La otra expresión concreta del amor, el amor al prójimo, sobre todo hacia los más necesitados y los que sufren, es el impulso decisivo que hace del sacerdote y de la persona consagrada alguien que suscita comunión entre la gente y un sembrador de esperanza. La relación de los consagrados, especialmente del sacerdote, con la comunidad cristiana es vital y llega a ser parte fundamental de su horizonte afectivo. A este respecto, al Santo Cura de Ars le gustaba repetir: “El sacerdote no es sacerdote para sí mismo; lo es para vosotros” (Le curé d’Ars. Sa pensèe – Son coeur, Fi Vivante, 1966, p. 100).

Queridos Hermanos en el episcopado, queridos presbíteros, diáconos, consagrados y consagradas, catequistas, agentes de pastoral y todos los que os dedicáis a la educación de las nuevas generaciones, os exhorto con viva solicitud a prestar atención a todos los que en las comunidades parroquiales, las asociaciones y los movimientos advierten la manifestación de los signos de una llamada al sacerdocio o a una especial consagración. Es importante que se creen en la Iglesia las condiciones favorables para que puedan aflorar tantos “sí”, en respuesta generosa a la llamada del amor de Dios.

Será tarea de la pastoral vocacional ofrecer puntos de orientación para un camino fructífero. Un elemento central debe ser el amor a la Palabra de Dios, a través de una creciente familiaridad con la Sagrada Escritura y una oración personal y comunitaria atenta y constante, para ser capaces de sentir la llamada divina en medio de tantas voces que llenan la vida diaria. Pero, sobre todo, que la Eucaristía sea el “centro vital” de todo camino vocacional: es aquí donde el amor de Dios nos toca en el sacrificio de Cristo, expresión perfecta del amor, y es aquí donde aprendemos una y otra vez a vivir la “gran medida” del amor de Dios. Palabra, oración y Eucaristía son el tesoro precioso para comprender la belleza de una vida totalmente gastada por el Reino.
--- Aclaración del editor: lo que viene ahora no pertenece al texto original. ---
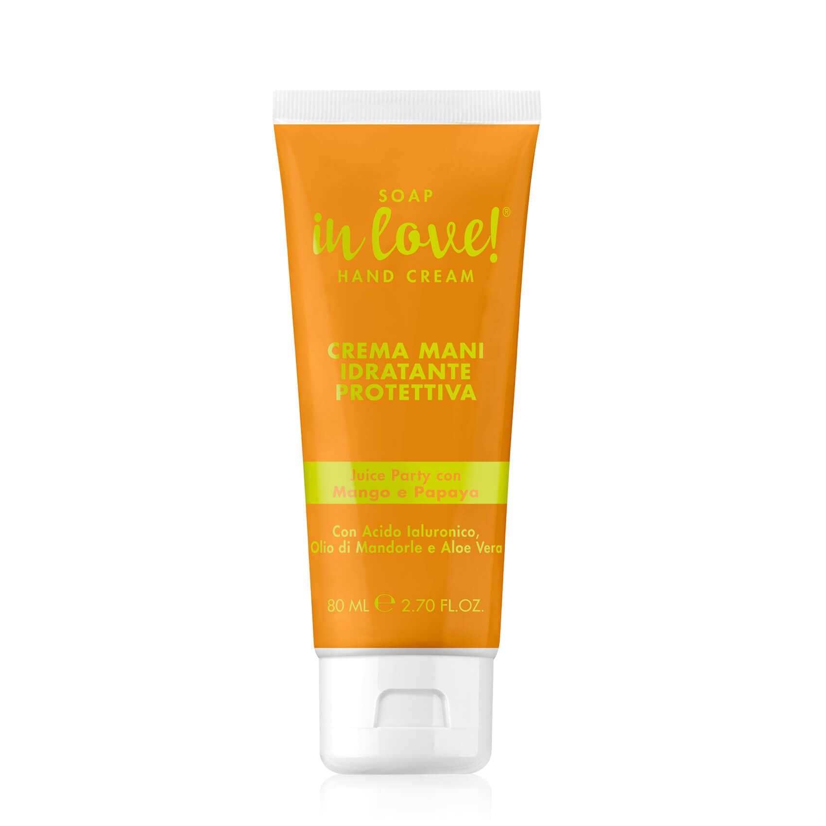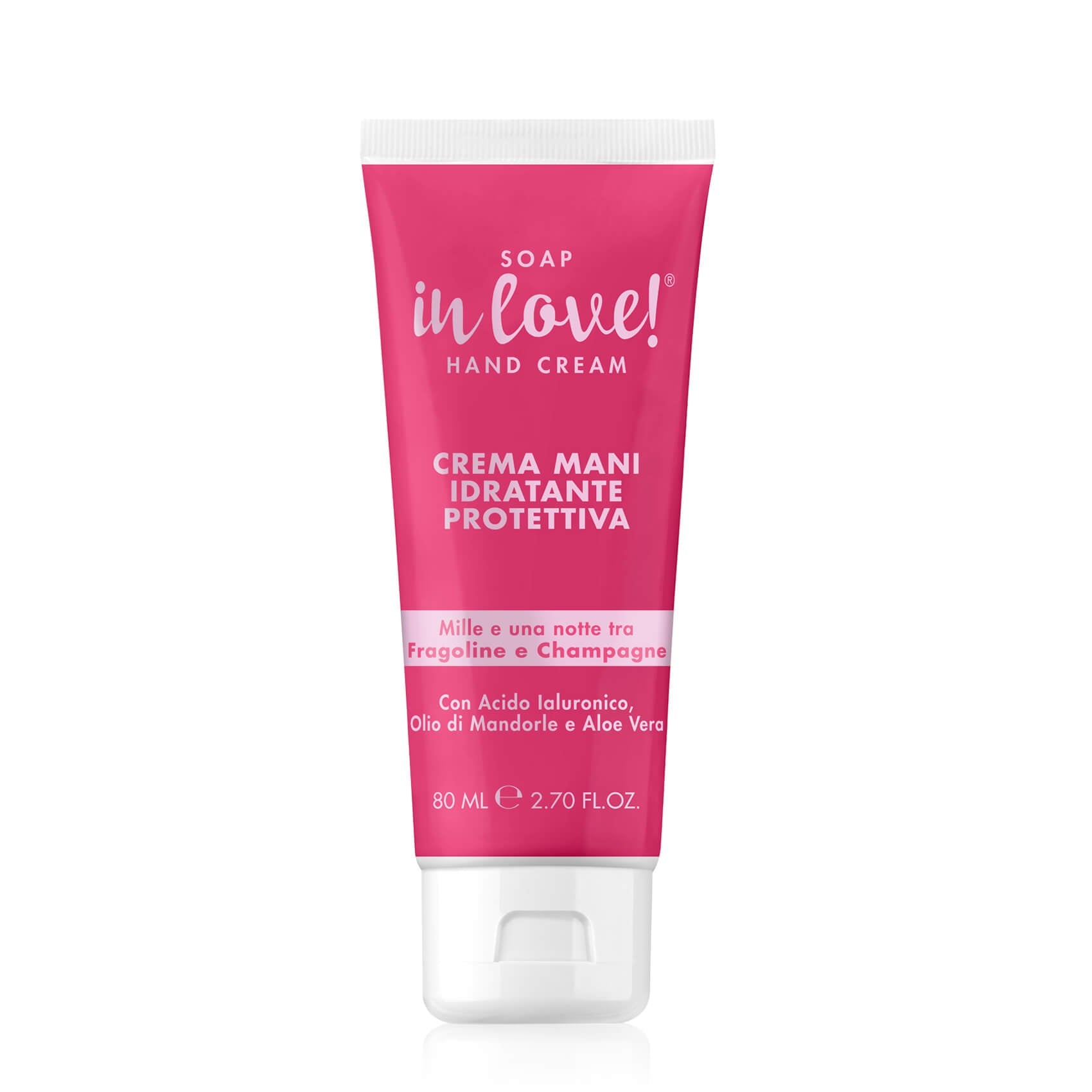 La Crema Mani Idratante SOAP IN LOVE!, dalle profumazioni intense ed inedite, è una crema mani fresca e a rapido assorbimento. Con l’apporto prezioso di Acido Ialuronico, Olio di Mandorle e Aloe Vera, le mani vengono avvolte da un piacevole velo emolliente che dona idratazione immediata e durevole senza ungere. La profumazione è inebriante e persistente, un vero viaggio olfattivo. SENZA AGGIUNTA DI COLORANTI E OLII MINERALI DERMATOLOGICAMENTE TESTATO CON INGREDIENTI DI ORIGINE NATURALE TUBO IN PLASTICA RICICLABILE

Deseo que las Iglesias locales, en todos sus estamentos, sean un “lugar” de discernimiento atento y de profunda verificación vocacional, ofreciendo a los jóvenes un sabio y vigoroso acompañamiento espiritual. De esta manera, la comunidad cristiana se convierte ella misma en manifestación de la caridad de Dios que custodia en sí toda llamada. Esa dinámica, que responde a las instancias del mandamiento nuevo de Jesús, se puede llevar a cabo de manera elocuente y singular en las familias cristianas, cuyo amor es expresión del amor de Cristo que se entregó a sí mismo por su Iglesia (cf. Ef 5, 32). En las familias, “comunidad de vida y de amor” (Gaudium et spes, 48), las nuevas generaciones pueden tener una admirable experiencia de este amor oblativo. Ellas, efectivamente, no sólo son el lugar privilegiado de la formación humana y cristiana, sino que pueden convertirse en “el primer y mejor seminario de la vocación a la vida de consagración al Reino de Dios” (Exhort. Ap. Familiaris consortio, 53), haciendo descubrir, precisamente en el seno del hogar, la belleza e importancia del sacerdocio y de la vida consagrada. Los pastores y todos los fieles laicos han de colaborar siempre para que en la Iglesia se multipliquen esas “casas y escuelas de comunión” siguiendo el modelo de la Sagrada Familia de Nazaret, reflejo armonioso en la tierra de la vida de la Santísima Trinidad.

Con estos deseos, imparto de corazón la Bendición Apostólica a vosotros, Venerables Hermanos en el episcopado, a los sacerdotes, a los diáconos, a los religiosos, a las religiosas y a todos los fieles laicos, en particular a los jóvenes que con corazón dócil se ponen a la escucha de la voz de Dios, dispuestos a acogerla con adhesión generosa y fiel.